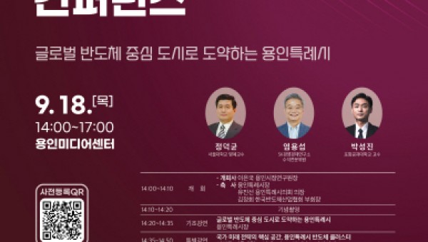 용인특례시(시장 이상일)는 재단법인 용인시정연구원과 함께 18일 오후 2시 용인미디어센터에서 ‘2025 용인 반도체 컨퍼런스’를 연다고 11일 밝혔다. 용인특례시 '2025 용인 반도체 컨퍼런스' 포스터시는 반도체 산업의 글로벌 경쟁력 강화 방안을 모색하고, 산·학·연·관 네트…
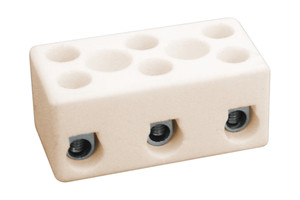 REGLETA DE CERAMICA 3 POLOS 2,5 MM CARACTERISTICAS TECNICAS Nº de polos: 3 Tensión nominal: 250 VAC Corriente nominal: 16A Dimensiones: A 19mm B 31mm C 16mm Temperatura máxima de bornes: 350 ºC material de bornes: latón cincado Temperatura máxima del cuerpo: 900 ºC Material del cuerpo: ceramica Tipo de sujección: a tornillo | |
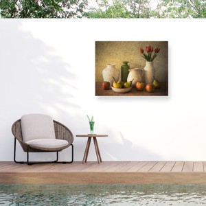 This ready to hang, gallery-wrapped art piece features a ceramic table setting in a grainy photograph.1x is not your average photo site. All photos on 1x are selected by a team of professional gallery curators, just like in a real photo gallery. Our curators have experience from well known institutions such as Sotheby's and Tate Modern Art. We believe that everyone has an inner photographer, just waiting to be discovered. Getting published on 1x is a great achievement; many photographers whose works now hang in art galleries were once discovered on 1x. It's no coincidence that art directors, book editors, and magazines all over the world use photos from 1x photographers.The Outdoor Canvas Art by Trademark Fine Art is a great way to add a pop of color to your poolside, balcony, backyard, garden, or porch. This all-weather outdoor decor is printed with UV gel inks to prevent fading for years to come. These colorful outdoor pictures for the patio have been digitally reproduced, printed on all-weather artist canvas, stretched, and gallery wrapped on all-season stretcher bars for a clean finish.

→ Work to be completed: Output every line above exactly as it stands, and drop any picture.

→ Written response:
 용인특례시(시장 이상일)는 재단법인 용인시정연구원과 함께 18일 오후 2시 용인미디어센터에서 ‘2025 용인 반도체 컨퍼런스’를 연다고 11일 밝혔다. 용인특례시 '2025 용인 반도체 컨퍼런스' 포스터시는 반도체 산업의 글로벌 경쟁력 강화 방안을 모색하고, 산·학·연·관 네트…
 REGLETA DE CERAMICA 3 POLOS 2,5 MM CARACTERISTICAS TECNICAS Nº de polos: 3 Tensión nominal: 250 VAC Corriente nominal: 16A Dimensiones: A 19mm B 31mm C 16mm Temperatura máxima de bornes: 350 ºC material de bornes: latón cincado Temperatura máxima del cuerpo: 900 ºC Material del cuerpo: ceramica Tipo de sujección: a tornillo | |
 This ready to hang, gallery-wrapped art piece features a ceramic table setting in a grainy photograph.1x is not your average photo site. All photos on 1x are selected by a team of professional gallery curators, just like in a real photo gallery. Our curators have experience from well known institutions such as Sotheby's and Tate Modern Art. We believe that everyone has an inner photographer, just waiting to be discovered. Getting published on 1x is a great achievement; many photographers whose works now hang in art galleries were once discovered on 1x. It's no coincidence that art directors, book editors, and magazines all over the world use photos from 1x photographers.The Outdoor Canvas Art by Trademark Fine Art is a great way to add a pop of color to your poolside, balcony, backyard, garden, or porch. This all-weather outdoor decor is printed with UV gel inks to prevent fading for years to come. These colorful outdoor pictures for the patio have been digitally reproduced, printed on all-weather artist canvas, stretched, and gallery wrapped on all-season stretcher bars for a clean finish.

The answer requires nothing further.